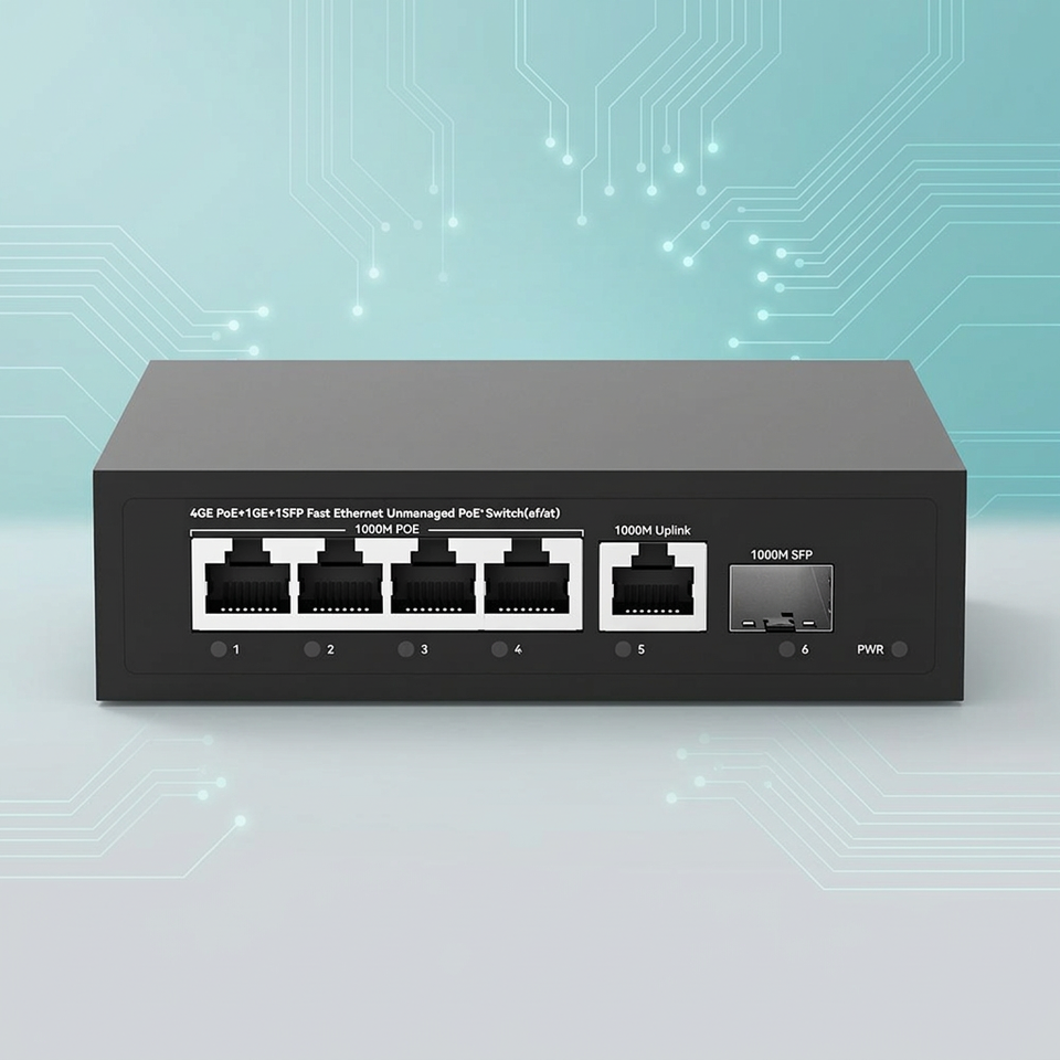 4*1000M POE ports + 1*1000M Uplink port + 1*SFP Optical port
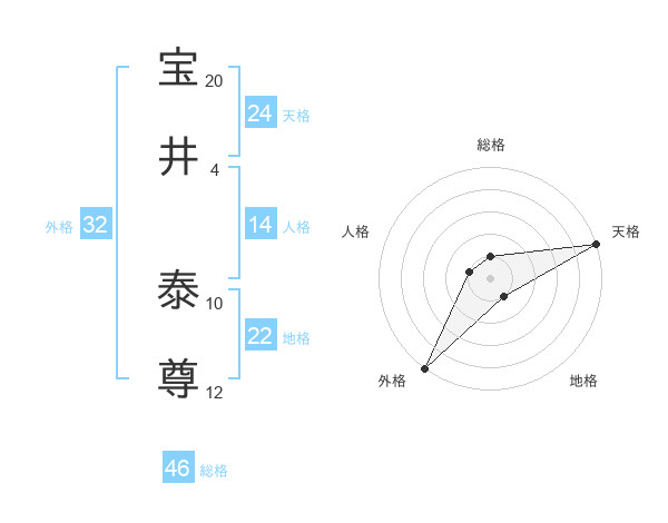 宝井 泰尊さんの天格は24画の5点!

==================================================

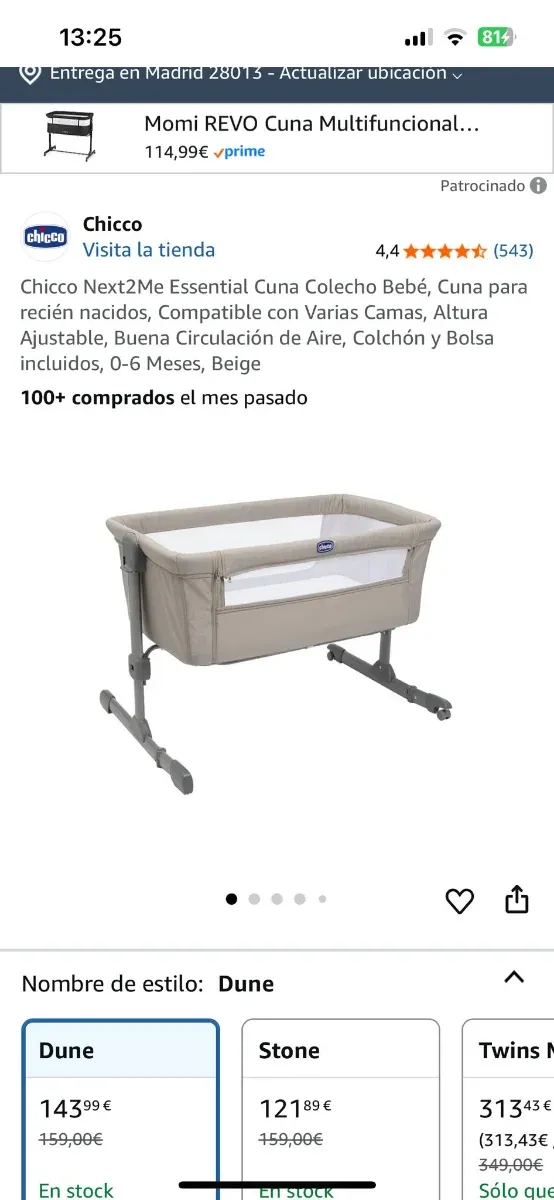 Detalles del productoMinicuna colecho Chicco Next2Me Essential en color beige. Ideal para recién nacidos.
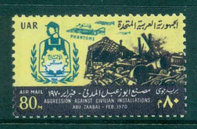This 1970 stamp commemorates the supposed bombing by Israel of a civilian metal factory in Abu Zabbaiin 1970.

==================================================

What you are asked to do
The answer is the lines of the material above, from the one containing "4*1000M POE ports" down to the one containing "宝井 泰尊さんの天格は24画の5点!", given exactly and without images.

Task output
 4*1000M POE ports + 1*1000M Uplink port + 1*SFP Optical port
 宝井 泰尊さんの天格は24画の5点!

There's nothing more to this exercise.